American Phoenix: John Quincy and Louisa Adams, the War of 1812, and the Exile that Saved American Independence by Jane Hampton Cook

ISBN: 9781595555410
Hardcover $26.99
Review: The War of 1812 has often been regarded a forgotten war, or even worse, an unnecessary war.  In her well written book, “American Phoenix”, not only does Jane Hampton Cook debunk those theories, in the process she opens the reader’s mind to a side of two of the most influential people of that generation, John Quincy Adams and his wife, Louisa.

Written in an intriguing combination of an historical biography and novel, this work reveals the romantic connection that existed, not only between the Adams’ but also between Louisa Adams and her affinity for Russia, developed during the time she spent there while her husband served  as the first diplomat sent from the fledgling United States to St. Petersburg.   Cook successfully explores through letters and diary entries the loving and warm relationship that existed between the strong and vivacious Louisa and her reserved New England born husband.

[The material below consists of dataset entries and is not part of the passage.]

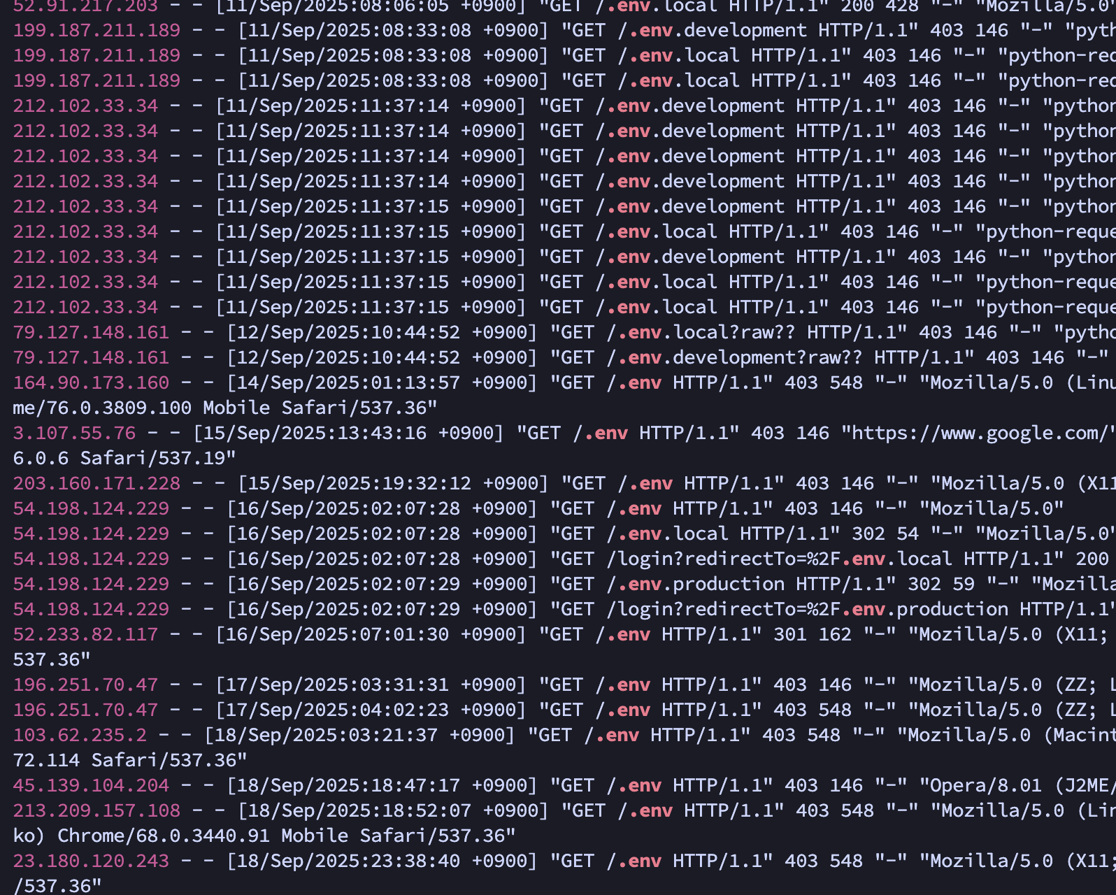 이 2천개에 육박하는 IP들은 전부 .env를 요구하거나, 어떻게든 치명적인 파일, 정보 한번 빼내보려고 아득바득 달겨드는 악성 유저 & 봇들이다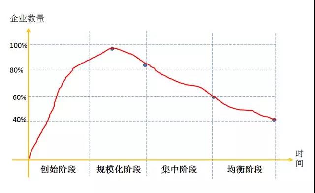 在一個行業(yè),從長期看,企業(yè)要存活下來就要有超出平均水平的成本控制能力。管理學家陳春花認為一個行業(yè)內(nèi)企業(yè)數(shù)量和時間軸之間的關(guān)系可以通過四個發(fā)展階段來說明:初創(chuàng)階段、規(guī)?;A段企業(yè)數(shù)量一直上升,規(guī)?;笃谄髽I(yè)數(shù)量達到頂峰,開始有擠出效應(yīng),約20%企業(yè)出局,到集中階段又有20%企業(yè)出局,到均衡階段還要淘汰20%,最后的競爭就在剩下的40%企業(yè)之間展開。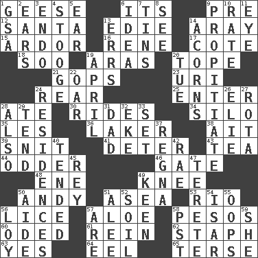 ACROSS 1. Honkers 6. It is 9. Before (prefix) 12. Before Barbara or Clara 13. Singer Brickell 14. Like ___ of sunshine 15. Zeal 16. French philosopher Descartes 17. ____ d'Azur (French Riviera) 18. "Barney Miller" actor Jack 19. Ancient river in northeast Turkey 20. Drink excessively 21. Republicans 23. RI univ. 24. Rump 25. Keyboard key 28. Had dinner 30. Amusement-park features 34. Grain storage tower 35. French article 36. Member of a famous L.A. basketball team 38. Small island 39. In a ____ (agitated or irritated) 41. Prevent from occurring 43. Beverage made from leaves 44. More peculiar 46. Yard entry 48. Compass dir. 49. Leg joint 50. Actor Griffith 51. Toward the sea 53. _ de Janeiro 56. Louse (plural) 57. _ vera 58. Mexican monetary units 60. Wrote a lyric poem 61. It's straight from the horse's mouth 62. Staphylococcus 63. Affirmative reply 64. Snakelike fish 65. Laconic DOWN 1. Girls' org. (abbr.) 2. Hearing organs 3. Inside; within (prefix) 4. Moe Howard, for one 5. Hearing organ 6. The main thing one is thinking about 7. Metal containers 8. Perceive with the eye 9. Conciliate 10. Pace 11. Sight organ 13. Blunders 14. Oak nuts 19. Showery time 20. Third day of the wk. 22. Rowing implement 24. Homes 26. Writer Wiesel 27. Roll call or roster of names 28. In addition 29. Look after 31. June honoree 32. Make supply last 33. Put into a specified state 37. Rain (Swedish) 40. Watched over 42. Actress Charlotte 45. Marina Del _, California 47. Cigar-shaped 49. Peachy ____! 50. Assistant 51. Toward shelter 52. The visible part of the earth's surface 54. Austrian river, tributary to the Danube 55. I made a mistake 56. Myrna of the movies 57. "We ___ not amused" (Victoria) 58. Pacific Standard Time (abbr.) 59. A female animal or person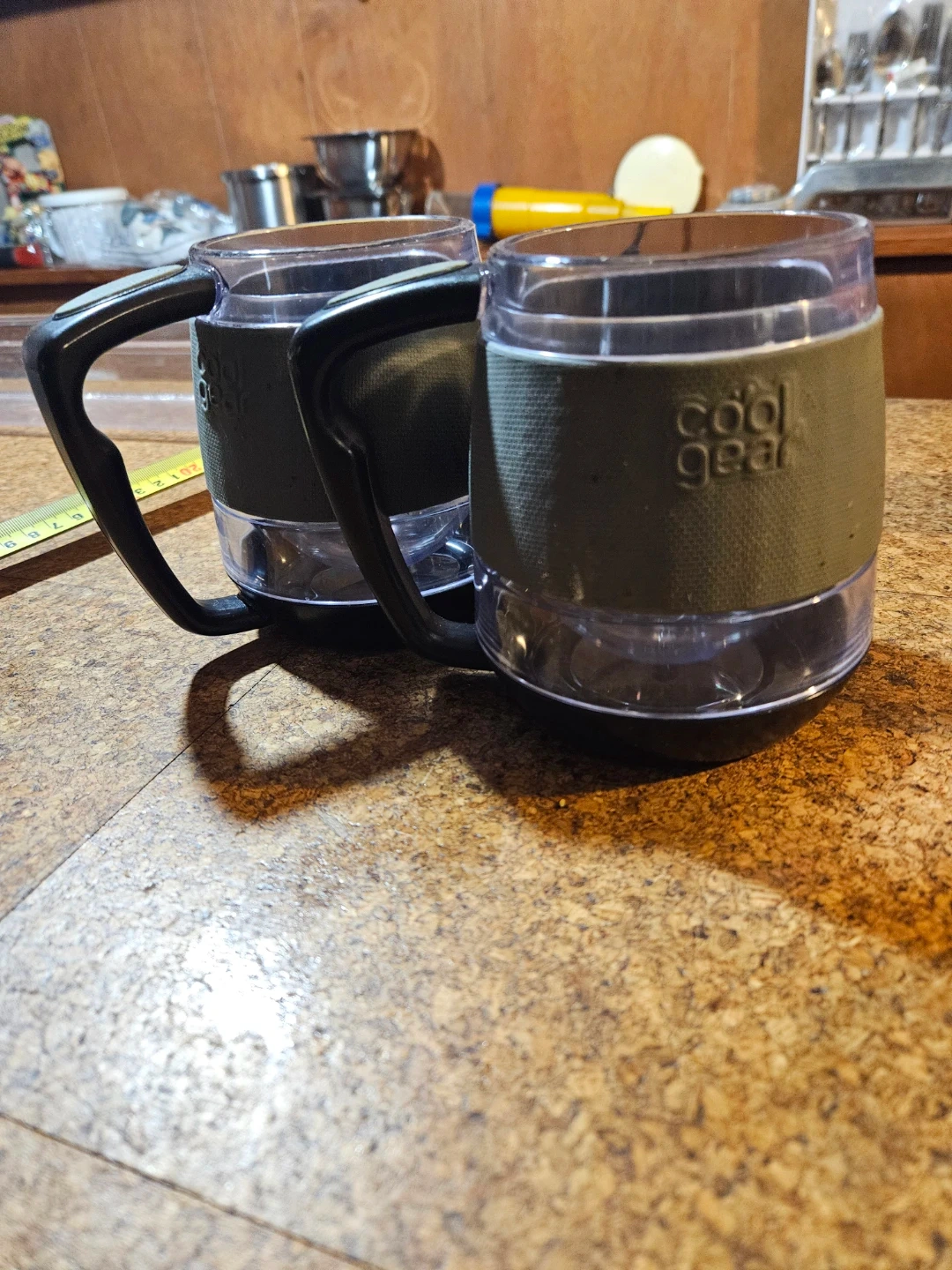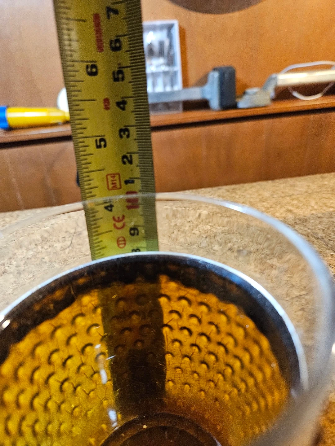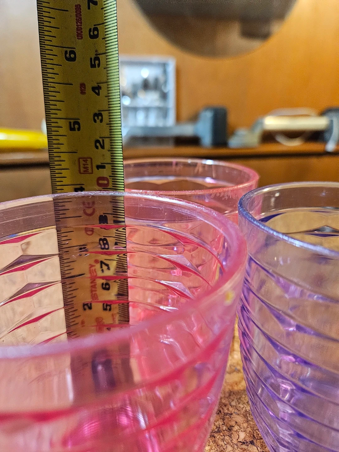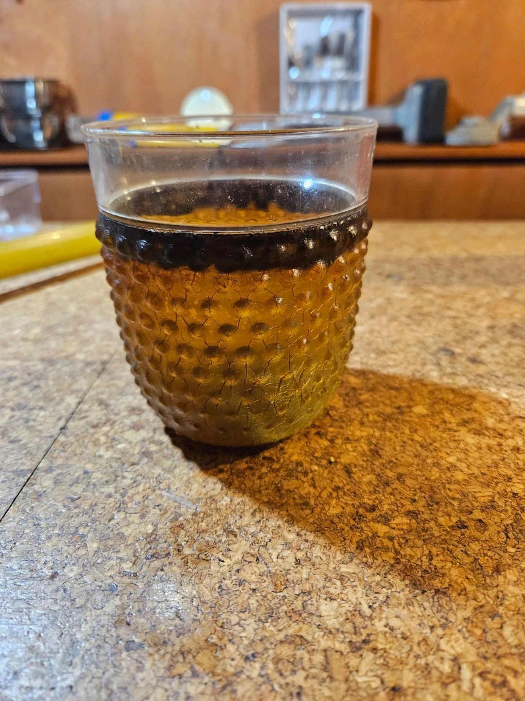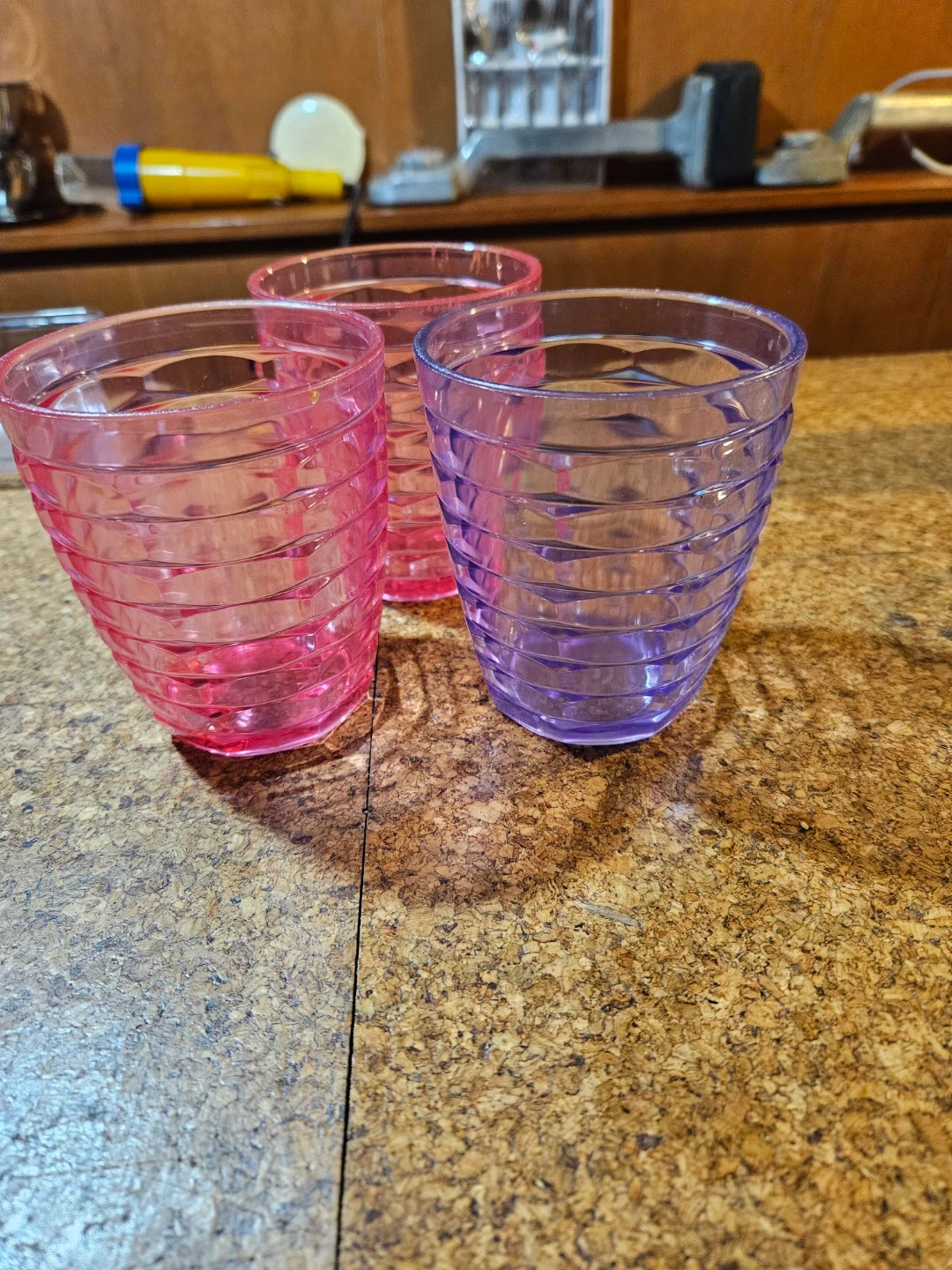 Here's a set of five vintage glasses, featuring a unique bubble texture design. Three of the glasses are clear, and one is clear with a floral design. One orange glass is also included. They measure approximately 4 inches tall.

More importantly, the reader is brought to see the vital importance the War of 1812 played in the establishment of the United States as a new and growing nation, capable of playing on the world stage.  Rising from the national ashes after the invasion of the British and the burning of much of the nation’s capital, the American republic, struggling to survive its infant years,  is seen more as the mythical Phoenix rising from the ashes of the funeral pyre.  Windows are opened so that the reader can see how John Quincy Adams, son of the second president of the United States, rose from the political ash heap to play the lead role in bringing about the Treaty of Ghent, which not only brought permanent peace with Great Britain, but also opened various avenues of commercial trade, key to the future success of the United States.  The capability of the younger Adams as a diplomat is on full display as he deftly and successfully works to maintain the delicate balance between the three world powers of the day, pre-Soviet Russia,  Napoleon’s France, and Great Britain.

In the end Cook allows us to see the devotion of Louisa Adams to a husband she spent many months and even years separated from as he worked tirelessly to serve the nation he loved so dearly.  Finally, we see the faith of both John and Louisa, a faith that carried them through the dark periods of life, including their lengthy separations and the deaths of two of their children. 

This is a well written and touching account of the most pivotal point in U.S. history and the involvement of two of its most influential citizen patriots. (Reviewed by Dr. Robert Hodges)

DISCLOSURE: A complimentary copy of American Phoenix by Jane Hampton Cook was provided by BookSneeze to facilitate our honest review on behalf of the publisher, Thomas Nelson. No compensation was provided for this review. Opinions expressed are solely those of the reviewer.